Oblivion

Joseph Kosinski

BY Scott A. GrayPublished Apr 18, 2013

6
Tron: Legacy director Joseph Kosinski's pet project is an intimate science fiction story told on a grand scale. It's an admirable use of clout, disguising a quiet, introspective drama as a flashy spectacle piece.

Aesthetically, Oblivion's show-stopping visuals echo the one thing Frances Lawrence got right in I Am Legend: the breath-taking emptiness of an abandoned planet. There's a sense of foreboding grandeur to the way Kosinski composes extremely wide shots of Tom Cruise's WALL-E-like repairman as he traverses the barren landscape of a post-war Earth, massive crumbling structures protruding from the ground around him like the fossilized remains of giant, extinct beasts.

Most of the film's narrative is effectively meted out, but there's a great deal of background history delivered in pure expository fashion by Jack (Cruise) right at the beginning. Since many of the details are reiterated in a more natural scenario later in the film, some of the information isn't necessary to share upfront.

Since it is though, here's what Kosinski really wants you to know: Earth was invaded by beings that came to be known as Scavengers. They destroyed the moon, which resulted in natural disasters around the globe that wiped out most of humanity. In retaliation, mankind practiced a little scorched-earth policy, nuking the crap out of the invaders; we "won the war, but lost the planet." Jack is part of the clean up crew, helping maintain drones that keep enormous hydro rigs running. The planet's resources are being processed and sent on to Titan, the moon of Jupiter, where the remnants of Earth's population have settled.

Living in a sky-tickling tower and mind-wiped to prevent any information from falling into the hands of the remaining Scavengers living in squalor on the surface, Jack and his assigned partner, Victoria (Andrea Riseborough), obediently follow orders from a huge command centre orbiting the planet. With two weeks of work left before being shipped off to Titan, Jack begins to question what he's been programmed to know, spurred by vivid dreams of a woman he recognizes, but doesn't know in a time period he didn't exist in.

Though sci-fi enthusiasts will have little trouble guessing where everything is headed, Oblivion does feature some pretty neat twists and revelations.
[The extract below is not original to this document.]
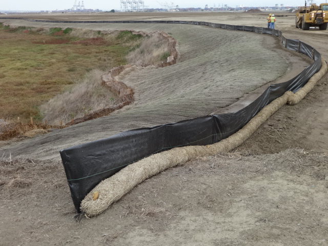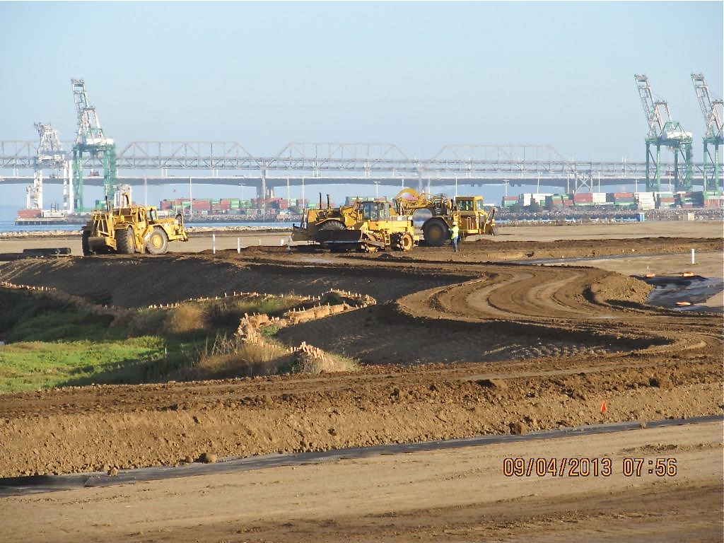The contouring of this industrial landfill site was completed on August 16, 2013. Approximately one-third of the contouring, or base layer, soil is clean soil recycled from Seaplane Lagoon dredging. The recycled soil stock was quickly exhausted, along with soil recycled after removing some of the berms and high areas. More than half of the base layer – 193,000 cubic yards – is soil barged in from Decker Island in the Sacramento River.

To make many obvious comparisons would be giving the game away and Kosinski's dynamic, if a little overly nostalgic (why do people in the future always find old record players and classic rock music instead of iPods loaded with Aphex Twin or M83, the latter of which provides the occasionally overly bombastic score?) examination of how memory pertains to the construction of the self is thoughtful enough that it deserves to be experienced unspoiled.

With plenty of eye-catching visuals, both natural and manmade, Star Wars-indebted action (to keep the average viewer entertained) and enough classic science philosophy brainteasers and carefully restrained performances to engage hungrier movie-going minds, Oblivion should wind up being a commercial hit with a long shelf life.